Furthermore, the high-resolution TEM (HRTEM) image of Ni3FeN (Fig. 2h) indicates that the fabricated mesoporous ternary nitride is well crystallized, and the integrated crystal lattice pattern suggests that a single crystal exists in this domain. The d-spacing of the plane is 1.69 Å, corresponding to the (111) plane of Ni3FeN [34]. Typical selected area electron diffraction (SAED) pattern (inset of Fig. 2h) displays highly resolved concentric rings and regular spots, suggesting the high crystallinity of the sample in agreement with the HRTEM results. In addition, the energy-dispersive spectrum (EDS) elemental mapping (Fig. S7b) reveals a uniform distribution of the Ni, Fe, and N atoms in the selected field (similar to the mother oxide as shown in Fig. S6). The molar ratio of Ni/Fe in Ni3FeN, determined from the EDX spectrum (Fig. S5c), is around 3.012: 0.988, close to the expected Ni/Fe ratio of 3:1.

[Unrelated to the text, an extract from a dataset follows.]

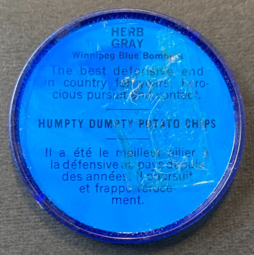 1963 Nalleys CFL Coin #92 Herb Gray Winnipeg Blue Bombers Humpty Dumpty Football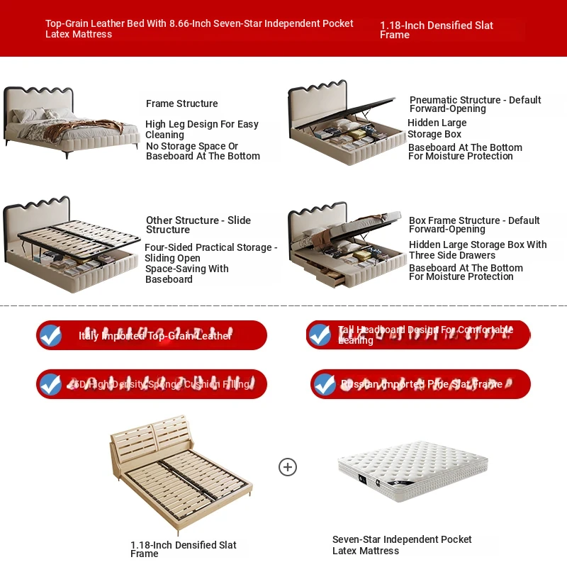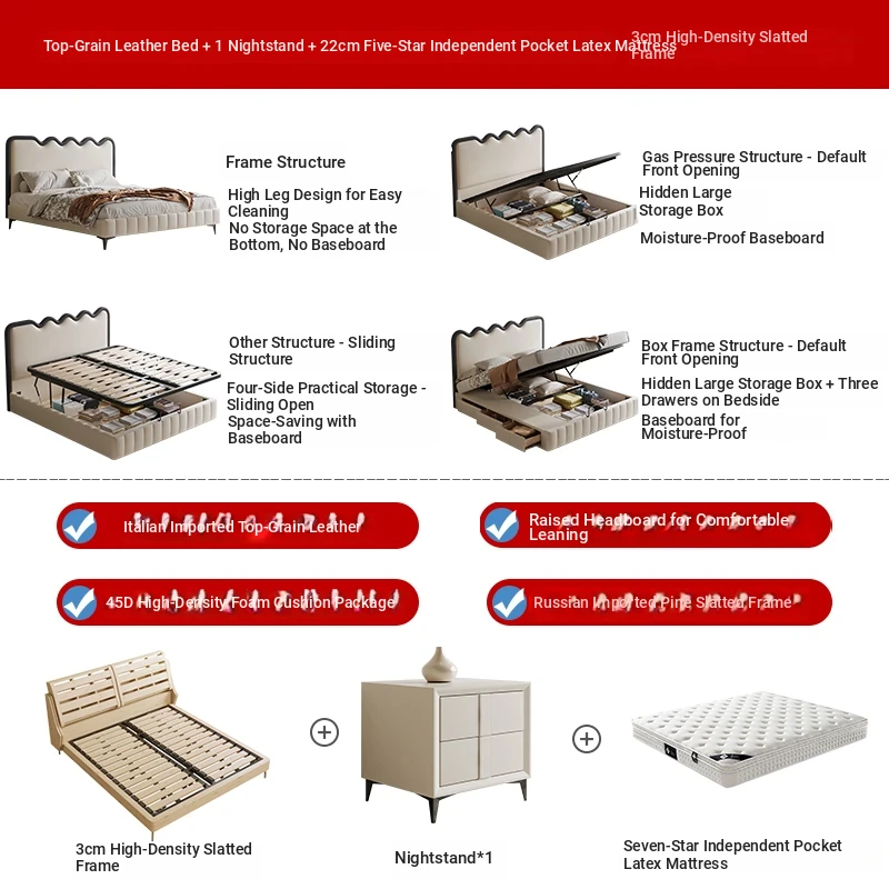 First layer cowhide bed +1 cabinet +8.66in seven-star Independent bag latex mattress

X-ray photoelectron spectroscopy (XPS) was employed to characterize the chemical valence states of the various elements of the bimetallic nitride catalyst. The XPS survey spectra for Ni3FeN samples (Fig. S8) confirm the presence of Ni, Fe, and N, with O and C peaks resulting from surface oxidation [35]. The Ni 2p high-resolution scans show the expected doublet Ni 2p1/2 and Ni 2p3/2 for various samples (Fig. 3a). As can be seen, the nitrated mesoporous materials, Ni3N and Ni3FeN, show a low binding energy peak centered at 852.6 eV in Ni 2p3/2 not visible in the mother oxide template. This peak can be attributed to the metallic state of Ni [36], which results from the formation of nitride [8, 28, 37]. Additionally, there are two broad peaks centered at 855.3 and 861.2 eV in Ni 2p3/2 with corresponding 872.7 and 879.9 eV peaks in Ni 2p1/2. These can be described by oxidized Ni species and Ni satellite peaks, respectively [36]. Given the diffraction results, which had no significant oxide phases, this suggests that the Fe–Ni ternary nitrides samples are partially oxidized at the surface [8, 38]. The amount of metallic Ni appears to be increased with the addition of iron, as shown by the relative intensity of the metallic peak to the oxidized peaks. For Ni3FeOx, it is clear that the Ni oxide can be described by two components, corresponding to predominately Ni2+ (NiO) and predominantly Ni3+ (Ni2O3) oxidation states [39], while the nitrides only have one dominate oxide phase. The nitridation process seems to preferentially affect the Ni2+ phase, which disappears with nitridation, while the Ni3+ phase persists. This behavior is also supported by the O 1s high-resolution scans (Fig. 3d), where the O 1s of Ni3FeOx has a strong feature at 529.6 eV ascribed to NiO [39], which greatly diminished with nitridation. For the mixed metal nitride, there is also evidence of an iron hydroxide phase, at 532.2 eV [40, 41]. Figure 3d shows a pure FeOx phase consisting of γ-Fe2O3 nanoparticles as a reference, showing a similar surface hydroxide phase [41]. Zhu et al. [38] also observed this tendency of the addition of Fe to shift the oxidation state of mixed metal oxides, which is dominated by M–OH bonds.

Fig. 3
figure 3

XPS high-resolution scan of a Ni 2p, b Fe 2p, c N 1s, and d O 1s for various phases

Figure 3b displays high-resolution Fe 2p spectra of Ni3FeN, Ni3FeOx, as well as a reference γ-Fe2O3 spectra. Again, the nitridation results in the formation of a new peak at 706.9 eV, which can be assigned to metallic iron nitride [35]. However, in this case the signal is dominated by the oxide related and satellite peaks at 711.6 and 717.9 eV [35, 42]. These features are consistent with γ-Fe2O3, though it is difficult to unambiguously assign the oxidation states in iron oxides [41,42,43]. In the N 1s region (Fig. 3c), the spectrum can be deconvoluted into a combination of two components at 397.5 and 399.2 eV for nitrided samples [44].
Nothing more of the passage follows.